By Margarita Antidze
1/22/20063

TBILISI (Reuters) - Georgia's President Mikhail Saakashvili on Sunday accused neighbouring Russia of cutting gas supplies to his country and triggering an energy crisis just as sub-zero temperatures hit the tiny Caucasus state.

Russian officials blamed anti-Moscow insurgents in its southern region of North Ossetia, where explosions knocked out the main pipeline that exports gas across the border to Georgia and onward to its neighbour Armenia.

But Saakashvili, who has irritated the Kremlin by pushing his ex-Soviet state closer to the West, said he did not believe the Russian explanation.

"This morning there was a serious act of sabotage on the part of Russia on Georgia's energy system," he told a news conference.

"Basically what happened is totally outrageous and we are dealing with an outrageous blackmail by people who do not want to behave in a civilised way," Saakashvili later told Reuters.

He said he believed it was an attempt by Russia to force Georgia to surrender ownership of its domestic gas pipeline network to Moscow -- the subject of long-running negotiations.

Neither he nor Georgian officials offered any evidence for the accusations.

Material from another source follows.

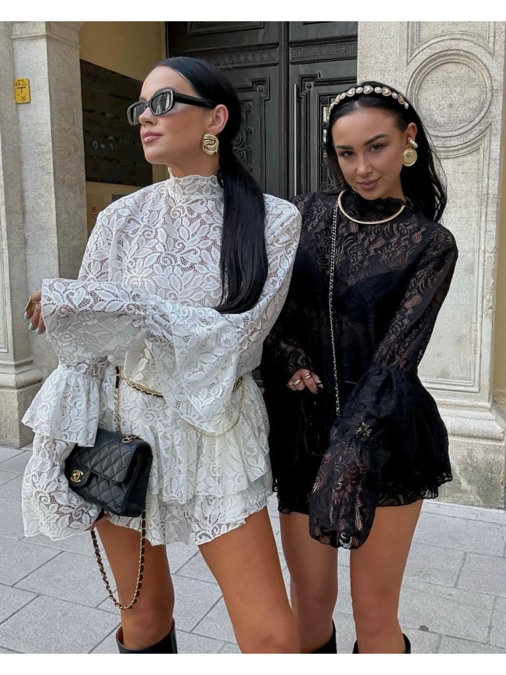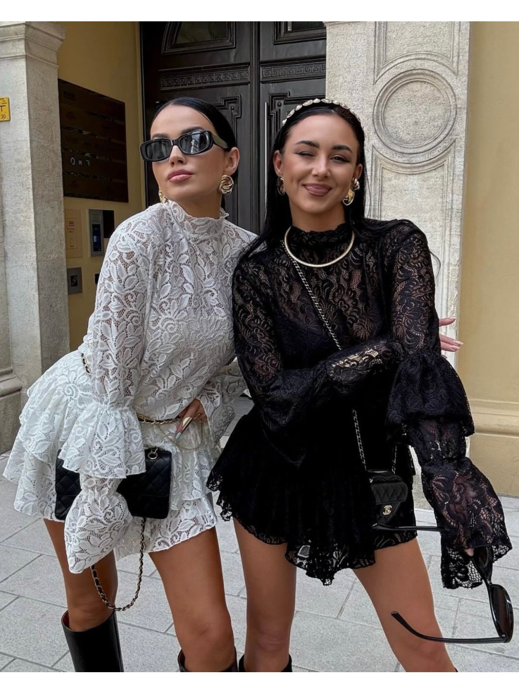 Jemná, éterická a neprehliadnuteľne ženská – blúzka LUCENTE je kúskom, ktorý vyžaruje anjelskú čistotu a eleganciu. 🤍 Bohato zdobená krajka s detailným kvetinovým vzorom pôsobí luxusne a vďaka volánom na spodnom leme a rukávoch získava ešte romantickejší nádych.

And the chief spokesman for Russian gas monopoly Gazprom, Sergei Kupryanov: "We believe this situation should not be politicised."

He said there was a criminal investigation into the blasts and that Gazprom was doing all it could to restore gas supplies as soon as possible.

A Gazprom official in Tbilisi said Russia would send extra supplies through another pipeline to neighbouring Azerbaijan so it could ship it to Georgia.

Georgian officials are in talks with Azerbaijan for emergency supplies of gas.

HIT BY TWO EXPLOSIONS
The pipeline to Georgia was knocked out overnight by two explosions in quick succession on two sections in a mountainous part of North Ossetia. Officials said it will be at least two days before gas starts flowing again.

"The flow of gas through the pipeline has been stopped," said Vladimir Ivanov, a spokesman for the Emergencies Ministry in North Ossetia. "The main version prosecutors are working on is that the pipeline was blown up deliberately."

Russian news agencies quoted unnamed security officials as saying they suspected anti-Moscow insurgents, who periodically carry out attacks in the mainly Muslim Russian side of the Caucasus that includes Chechnya, were to blame for the blasts.

Saakashvili said Georgia was suffering the same fate as Ukraine, which had its supply of Russian gas cut off earlier this month in a contract dispute, and in the process reducing supplies to major European states.

Ukraine's pro-Western leadership said Moscow was using its huge energy resources as a political weapon.

"I think the world should wake up to this kind of behaviour. Yesterday it was Ukraine, today it is Georgia and tomorrow it might (reach) everywhere where Russia sells its gas and electricity," said Saakashvili.

Within hours of Georgia's gas supplies being cut off, the high-voltage electricity line linking it to Russia was also severed at a point inside Russia about 200 km (120 miles) west of the pipeline blasts.

Russian officials said a pylon had been blown up, news agencies reported. Georgia imports Russian electricity to supplement its own supplies.

Georgia has for years suffered from chronic energy shortages but the latest crisis comes during unusually cold weather.

The temperature in the capital Tbilisi on Sunday was minus 5 Celsius (23.00 Fahrenheit), bitterly cold for a country known for its sub-tropical Black Sea seaside resorts.

Energy officials said Georgia's gas reserves would run out by 5 p.m. (1300 GMT) on Sunday evening. Queues formed outside shops selling kerosene, firewood and gas canisters. School children were told to stay at home on Monday.

Armenia receives all its gas via the same pipeline as Georgia, though a nuclear power station generates much of its electricity.

"Gas is not reaching Armenia after the explosions but consumers are receiving gas drawn from our reserves," said Shushan Sardarian, a spokeswoman for Armenia's Armrosgazprom gas supplier.